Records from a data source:
<<<<

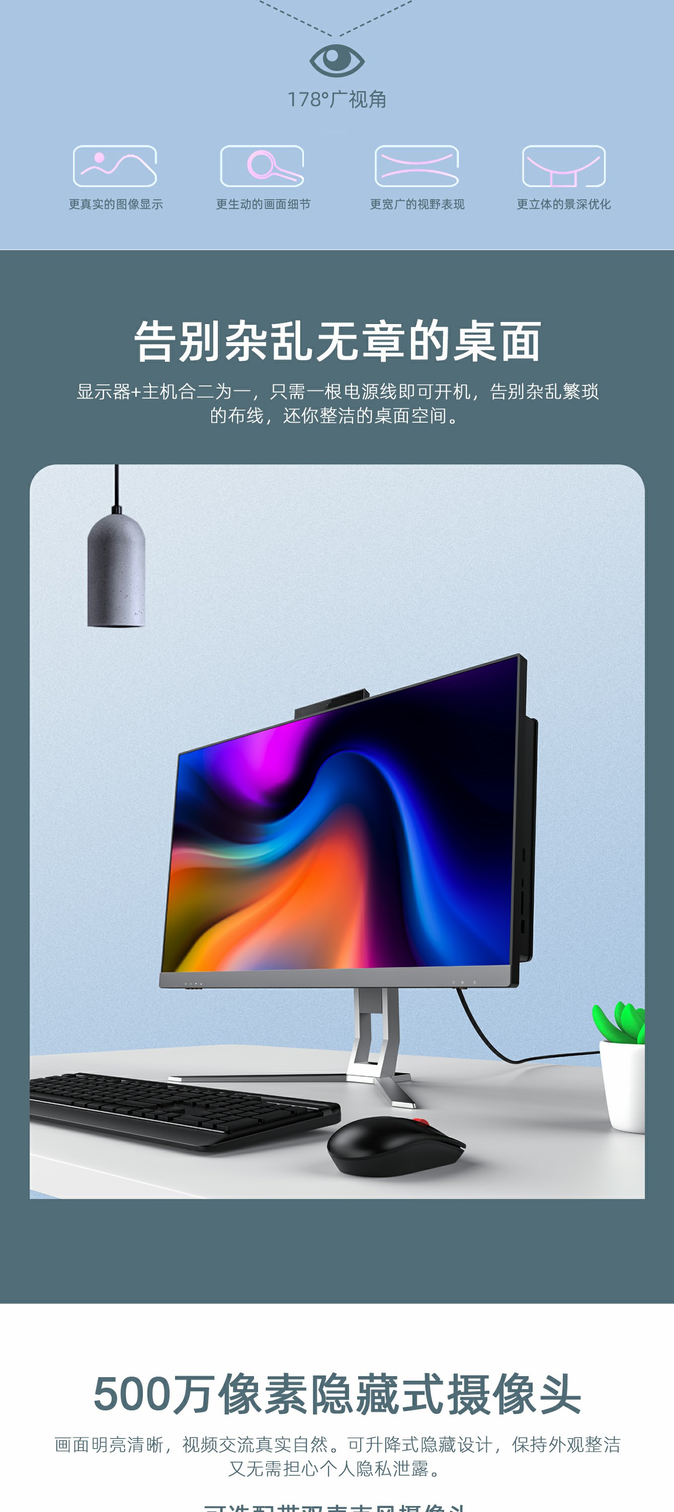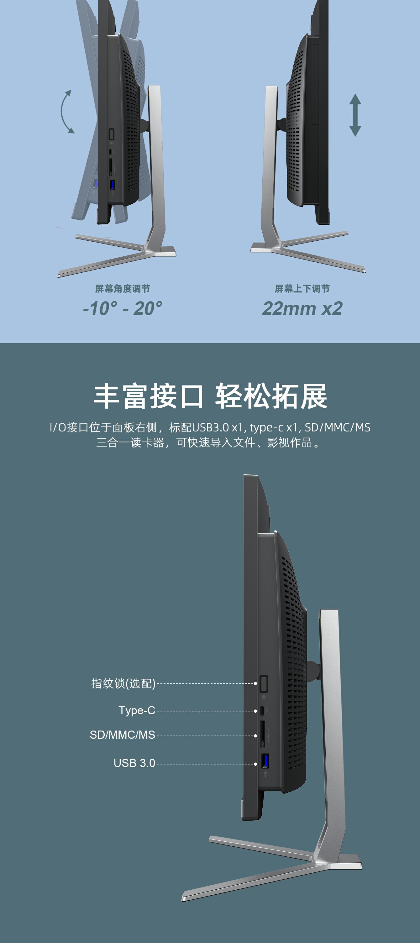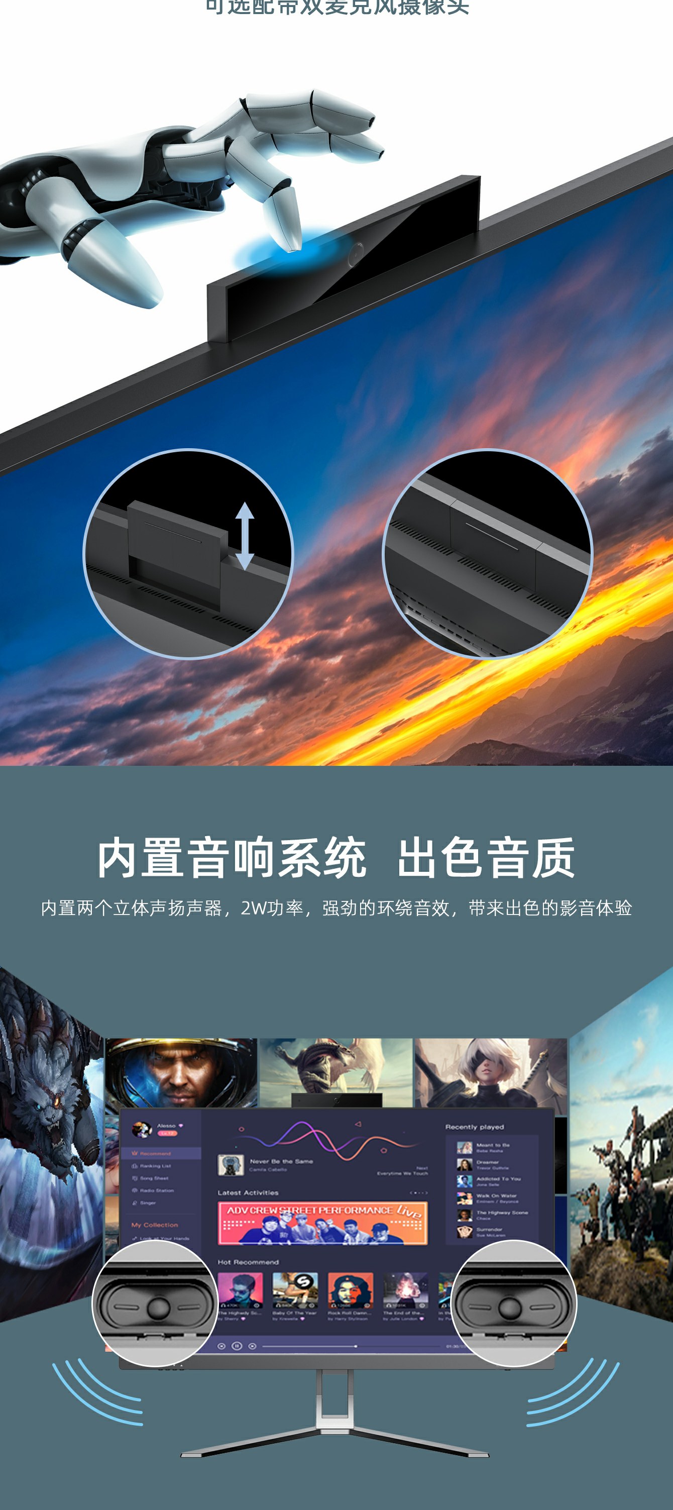 3.可调节支架:屏幕角度调节-5度至25度,上调高度22mm*2两个档位; 4.抽拉隐藏式500W高清摄像头
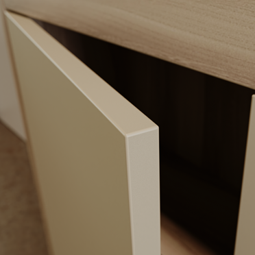 Het Eiken van onze handleuning en traptredes komt terug in de garderobekast met een breed generfd decor met onze passende ABS kant Ulme Baron glad. Aan de binnenwand hebben wij onze ABS kant Dune Beige miniperl met een effen zandkleur verwerkt, die ook in de open vlakken van de kast terugkomen. Er zijn slechts enkele nuances in de gekozen kleuren. Door de verschillende oppervlaktestructuren krijgt het interieur een harmonieuze, bijzondere look.
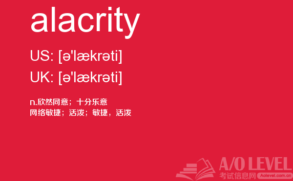 在a-level备考的过程中,想要冲刺到a-level写作的高分,相信大家都应该会知道,除了需要掌握a-level写作的一些技巧之外,优化文章中的词汇和句型也是冲刺高分的关键所在。也就是说,只有充分掌握了语法知识,才能让我们的的文章更为丰富形象。除了a-level写作,在a-level其他方面同学们也需要了解,下面课窝a/o-level考试网小编给大家带来a-level单词alacrity的介绍。如果您想了解alevel经济学大纲,英国高中alevel排名,alevel试卷,用alevel成绩申请大学等关于a-level考试的相关资讯,请继续浏览并关注课窝a/o-level考试网。
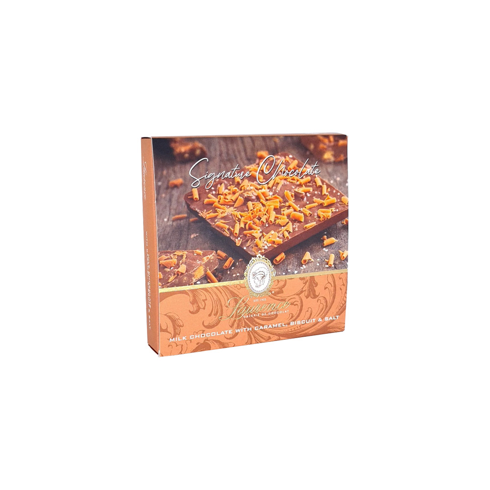LAURENCE SIGNATURE ΓΑΛΑΚΤΟΣ ΜΕ ΚΑΡΑΜΕΛΑ, ΜΠΙΣΚΟΤΟ & ΑΛΑΤΙ 100g
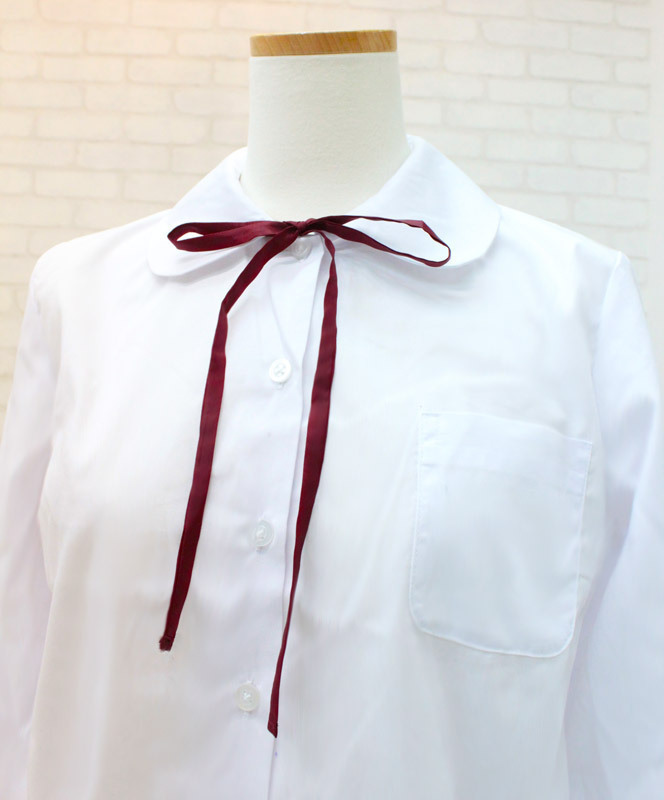 ひも状の細長いリボンを襟元で結べば、お嬢様学校風のスタイルに早変わり!女の子らしさが際立つエンジ色で、キュートなスクールガールになれちゃう紐タイです。

>>>>

Go through the entries above and print each one exactly, minus the pictures.

 3.可调节支架:屏幕角度调节-5度至25度,上调高度22mm*2两个档位; 4.抽拉隐藏式500W高清摄像头
 Het Eiken van onze handleuning en traptredes komt terug in de garderobekast met een breed generfd decor met onze passende ABS kant Ulme Baron glad. Aan de binnenwand hebben wij onze ABS kant Dune Beige miniperl met een effen zandkleur verwerkt, die ook in de open vlakken van de kast terugkomen. Er zijn slechts enkele nuances in de gekozen kleuren. Door de verschillende oppervlaktestructuren krijgt het interieur een harmonieuze, bijzondere look.
 在a-level备考的过程中,想要冲刺到a-level写作的高分,相信大家都应该会知道,除了需要掌握a-level写作的一些技巧之外,优化文章中的词汇和句型也是冲刺高分的关键所在。也就是说,只有充分掌握了语法知识,才能让我们的的文章更为丰富形象。除了a-level写作,在a-level其他方面同学们也需要了解,下面课窝a/o-level考试网小编给大家带来a-level单词alacrity的介绍。如果您想了解alevel经济学大纲,英国高中alevel排名,alevel试卷,用alevel成绩申请大学等关于a-level考试的相关资讯,请继续浏览并关注课窝a/o-level考试网。
LAURENCE SIGNATURE ΓΑΛΑΚΤΟΣ ΜΕ ΚΑΡΑΜΕΛΑ, ΜΠΙΣΚΟΤΟ & ΑΛΑΤΙ 100g
 ひも状の細長いリボンを襟元で結べば、お嬢様学校風のスタイルに早変わり!女の子らしさが際立つエンジ色で、キュートなスクールガールになれちゃう紐タイです。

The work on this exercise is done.